STUDY MATERIAL:
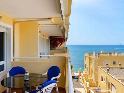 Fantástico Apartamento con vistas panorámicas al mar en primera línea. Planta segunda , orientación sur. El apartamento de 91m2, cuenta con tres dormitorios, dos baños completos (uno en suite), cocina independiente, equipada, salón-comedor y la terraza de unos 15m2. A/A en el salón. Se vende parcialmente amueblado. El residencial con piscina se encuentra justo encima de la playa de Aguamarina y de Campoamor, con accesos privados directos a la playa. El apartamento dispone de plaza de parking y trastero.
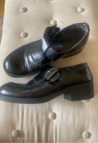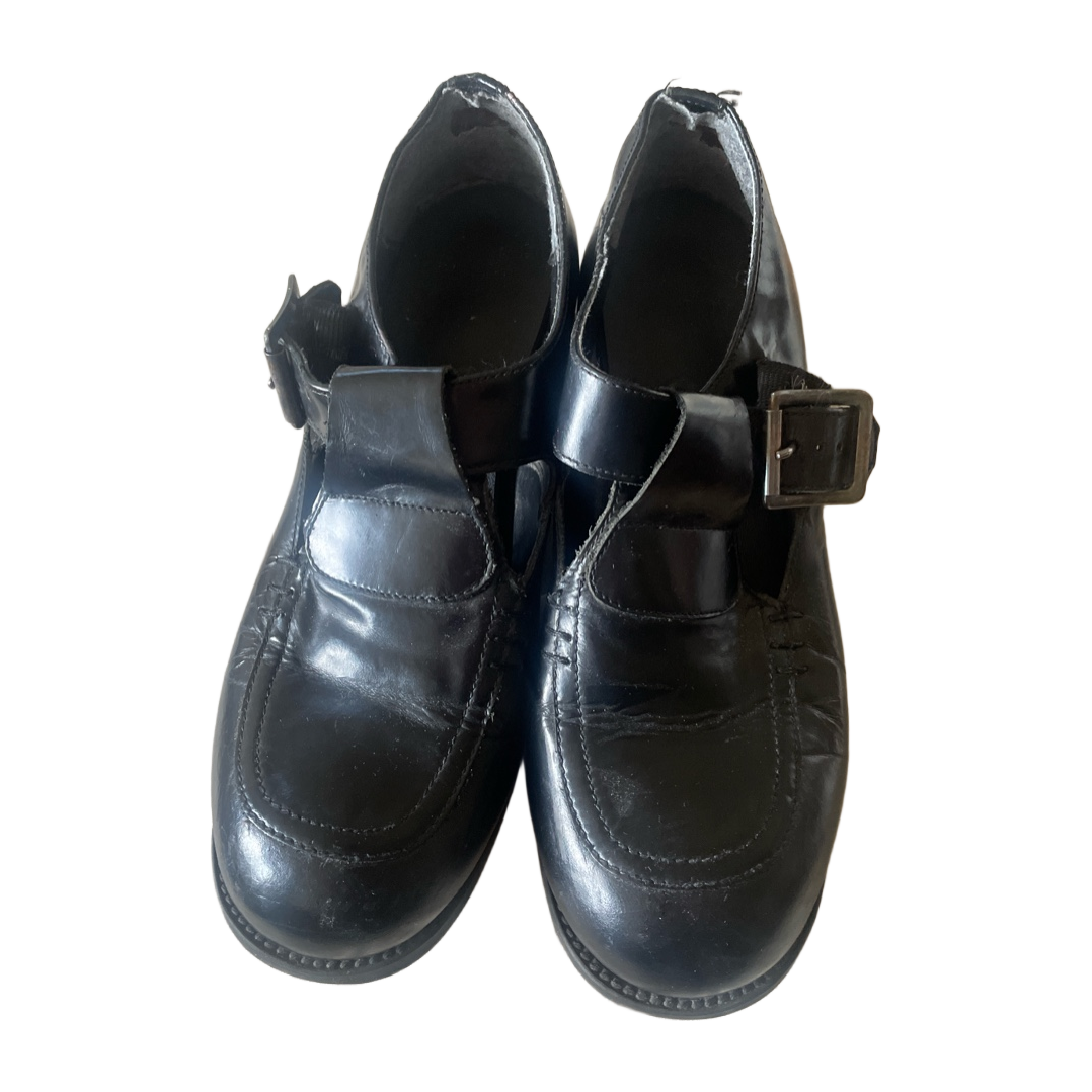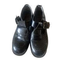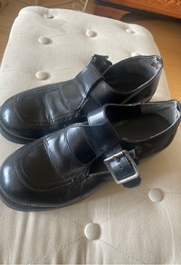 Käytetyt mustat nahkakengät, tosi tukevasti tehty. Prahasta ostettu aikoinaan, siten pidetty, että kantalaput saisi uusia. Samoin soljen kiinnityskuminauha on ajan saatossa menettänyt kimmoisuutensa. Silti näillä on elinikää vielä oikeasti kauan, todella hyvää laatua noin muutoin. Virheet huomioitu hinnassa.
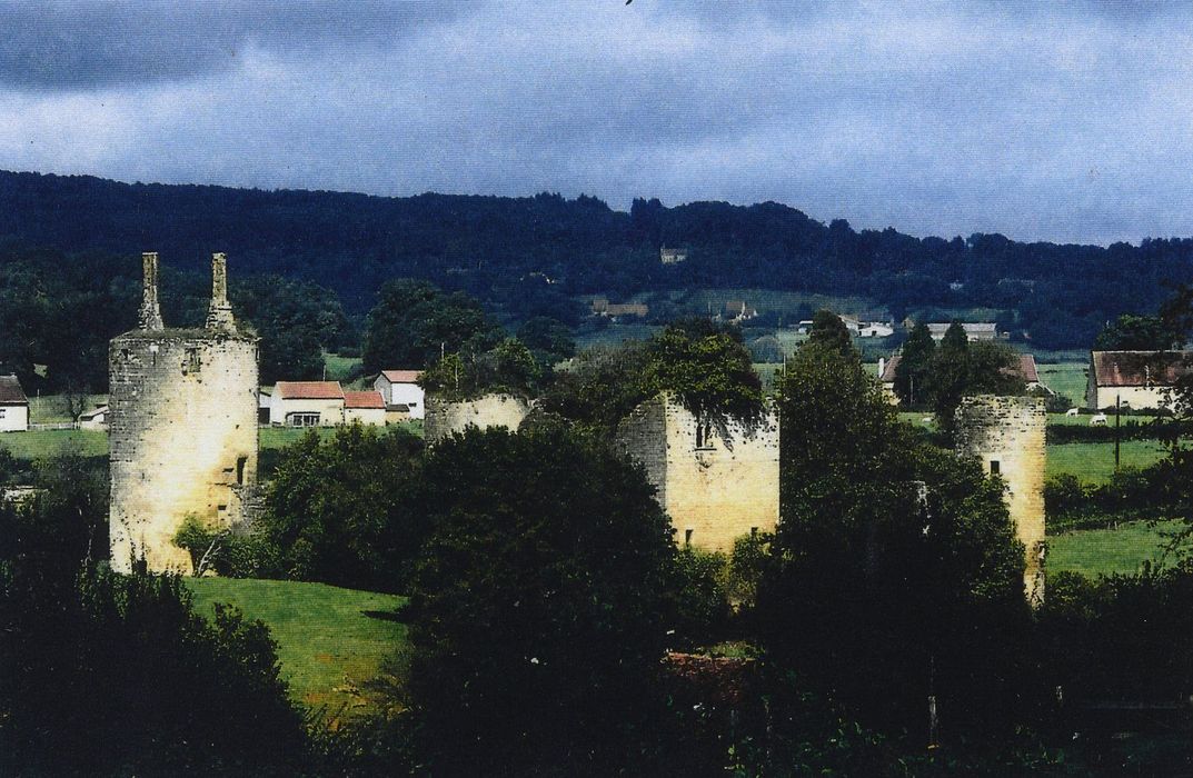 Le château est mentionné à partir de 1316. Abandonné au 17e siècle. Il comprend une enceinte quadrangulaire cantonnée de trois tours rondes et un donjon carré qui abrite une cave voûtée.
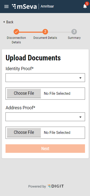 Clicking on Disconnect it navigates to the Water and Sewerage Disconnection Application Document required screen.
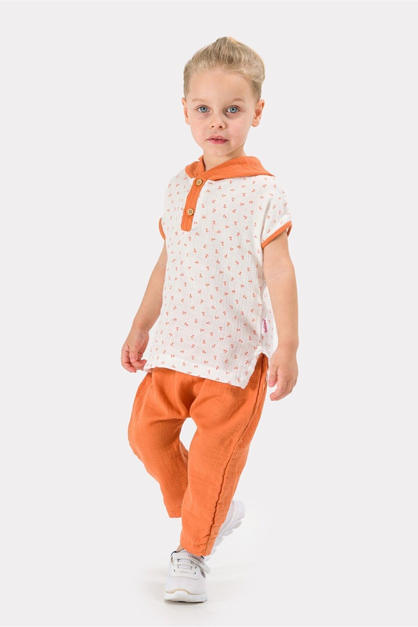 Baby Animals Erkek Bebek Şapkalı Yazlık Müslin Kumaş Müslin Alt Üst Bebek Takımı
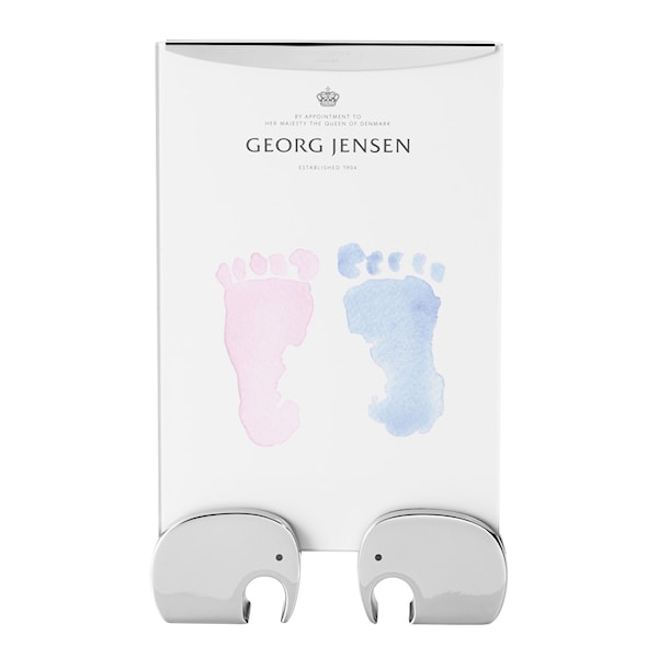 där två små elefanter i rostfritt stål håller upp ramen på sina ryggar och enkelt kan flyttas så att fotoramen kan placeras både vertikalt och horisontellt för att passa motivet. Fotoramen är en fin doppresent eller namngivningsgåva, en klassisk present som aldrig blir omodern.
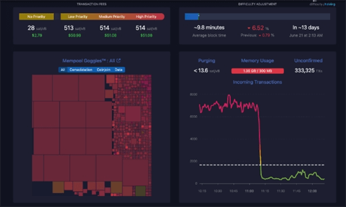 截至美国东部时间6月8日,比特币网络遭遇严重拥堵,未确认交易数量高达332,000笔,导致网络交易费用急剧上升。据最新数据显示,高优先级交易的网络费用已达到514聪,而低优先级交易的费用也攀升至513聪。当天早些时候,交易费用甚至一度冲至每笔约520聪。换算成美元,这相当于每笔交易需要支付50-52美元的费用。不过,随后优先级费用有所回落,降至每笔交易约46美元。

TASK TO COMPLETE:
Lines from the start of the listing above through the line holding "Käytetyt mustat nahkakengät, tosi" are to be duplicated exactly, and nothing more; leave out the pictures.

OUTPUT:
 Fantástico Apartamento con vistas panorámicas al mar en primera línea. Planta segunda , orientación sur. El apartamento de 91m2, cuenta con tres dormitorios, dos baños completos (uno en suite), cocina independiente, equipada, salón-comedor y la terraza de unos 15m2. A/A en el salón. Se vende parcialmente amueblado. El residencial con piscina se encuentra justo encima de la playa de Aguamarina y de Campoamor, con accesos privados directos a la playa. El apartamento dispone de plaza de parking y trastero.
 Käytetyt mustat nahkakengät, tosi tukevasti tehty. Prahasta ostettu aikoinaan, siten pidetty, että kantalaput saisi uusia. Samoin soljen kiinnityskuminauha on ajan saatossa menettänyt kimmoisuutensa. Silti näillä on elinikää vielä oikeasti kauan, todella hyvää laatua noin muutoin. Virheet huomioitu hinnassa.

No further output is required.